NHS Resolution has also been focused on finding out what the families involved in clinical negligence expect, as well as the potential claimants themselves and NHS staff.
Chaffer said that often, all parties want the same things. They generally want an explanation, to be heard, an apology or the chance to apologise, assurances that the NHS will learn from any mistakes, and information about support, including how they might take their complaint further.
Another opportunity for potential claimants to be heard is during mediation, which was the topic of a panel discussion at the Clinical Negligence Debate, featuring independent mediator Quentin Smith, as well as NHS Resolution partners Paul Balen, director of Trust Mediation, and Claire Petts, partner and head of UK healthcare team at Clyde & Co.
Mediation’s use to settle clinical negligence disputes is on the rise, with Balen noting a significant increase in mediations under the NHS Resolution scheme.
The upsides far outweigh the downsides, according to the panel, while providing the parties involved an opportunity to be heard that they might not otherwise have had.

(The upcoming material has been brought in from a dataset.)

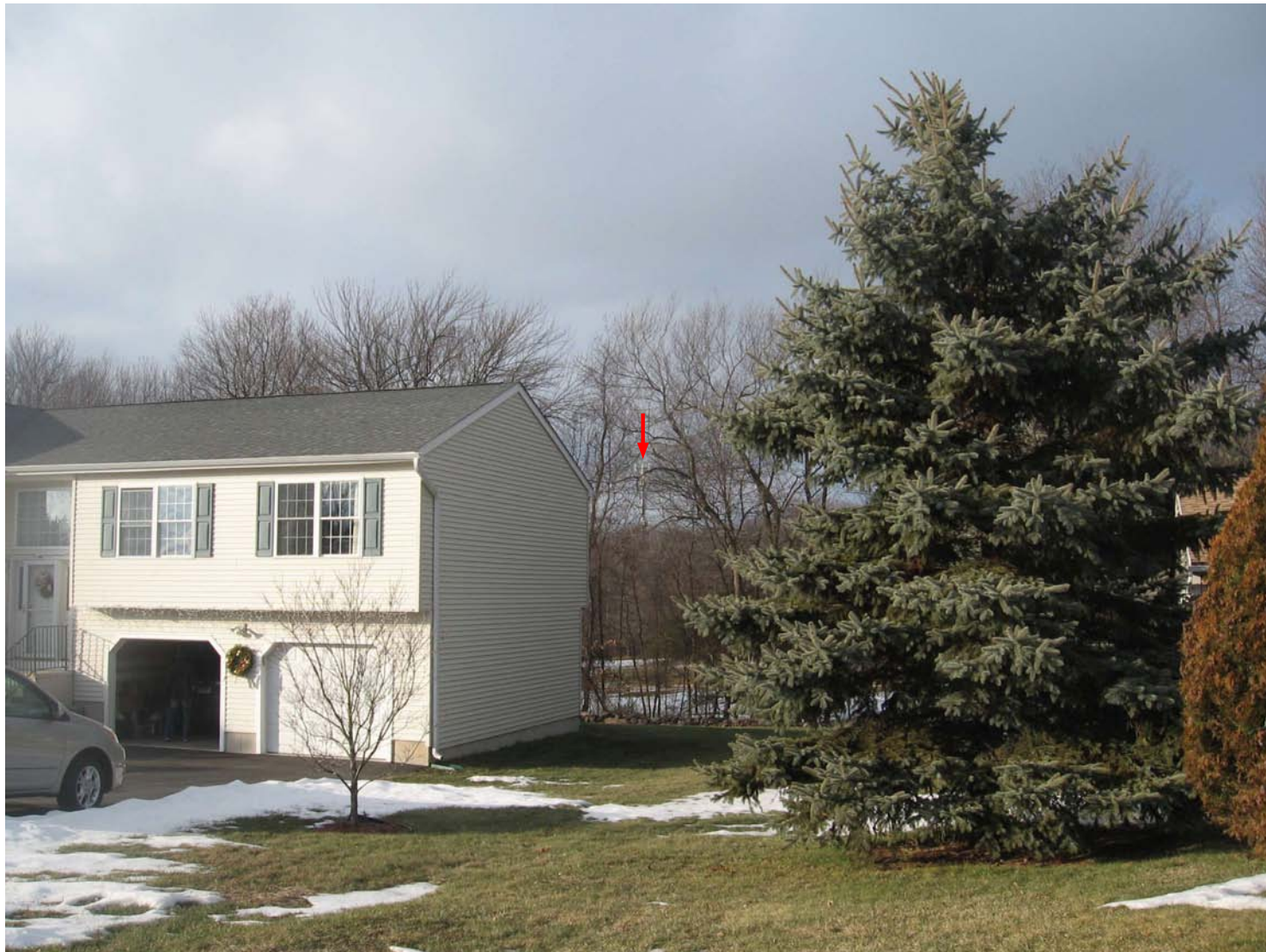
Photosim for conceptual purposes only - actual antenna and equipment locations to be determined based on final engineering design

Smith pointed out that mediation is a tool in the kit rather than the only means to resolve disputes, and can be used to discuss and find a resolution to only one aspect. He said: “It’s about keeping one’s mind open to what can be achieved.”
Petts argued for greater use of mediation pre-action, and predicted there might be a compulsory requirement for some kind of alternative dispute resolution in clinical negligence in the future.

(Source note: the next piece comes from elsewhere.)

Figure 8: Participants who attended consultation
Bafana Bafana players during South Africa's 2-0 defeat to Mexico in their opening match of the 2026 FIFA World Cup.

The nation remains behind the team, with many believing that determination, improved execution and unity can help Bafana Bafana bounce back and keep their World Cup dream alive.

Elsewhere during the day, attendees were treated to an overview of the Civil Justice Council Clinical Negligence Fixed Costs Working Group’s recommendations on fixed recoverable costs in low-value clinical negligence claims, from Suzanne White, who sits on the executive committee of the Association of Personal Injury Lawyers and is head of the clinical negligence team at Leigh Day.
The recommendations are yet to be delivered, but White stressed that “patient safety has to be a part of the conversation” about fixed recoverable costs.
On the subject of reform, Howard Elgot, a barrister at Parklane Plowden Chambers, provided an update on the Civil Liability Act-mandated changes to the personal injury discount rate. The government closed its call for evidence on the subject at the end of January, with feedback expected soon.
Elgot said a decision on the level at which the discount rate will be set for the next three years has to be given by 7 August under the terms of the Civil Liability Act.
A panel discussion followed this update, with Mike McKenna, chair of the clinical negligence sector focus team at the Forum of Insurance Lawyers and a partner at Hill Dickinson, arguing that changes needed to be made to the discount rate, because the current -0.75% had extracted too much cost from an already underfunded NHS.
Stephen Webber, chairman of the Society of Clinical Injury Lawyers and head of the claimant division at Hugh James Solicitors, argued against the change from ‘very low’ risk investments for claimants’ damages to an assumption that they will select more risk than a very low level, but less risk than would ordinarily be accepted by a prudent and properly advised individual investor.
Webber is worried that this change will result in the most vulnerable claimants taking greater risks with their settlements.
The Clinical Negligence Debate, co-chaired by Emma Hallinan, director of claims policy and technical at the Medical Protection Society, and Peter Walsh, chief executive of Action against Medical Accidents, also featured presentations on expert witnesses, alternative solutions to clinical negligence cases and more.
Rebecca Fenton, managing director of Hayes Medicals, headline sponsor of the Clinical Negligence Debate, thanked everyone for attending the event. She added: “We hope you enjoyed the opportunity to meet up and share opinions. It was great to see so many people able to join us and partake in the debates, in particular the discussions around fixed recoverable costs, which continues to be a topic of great interest.”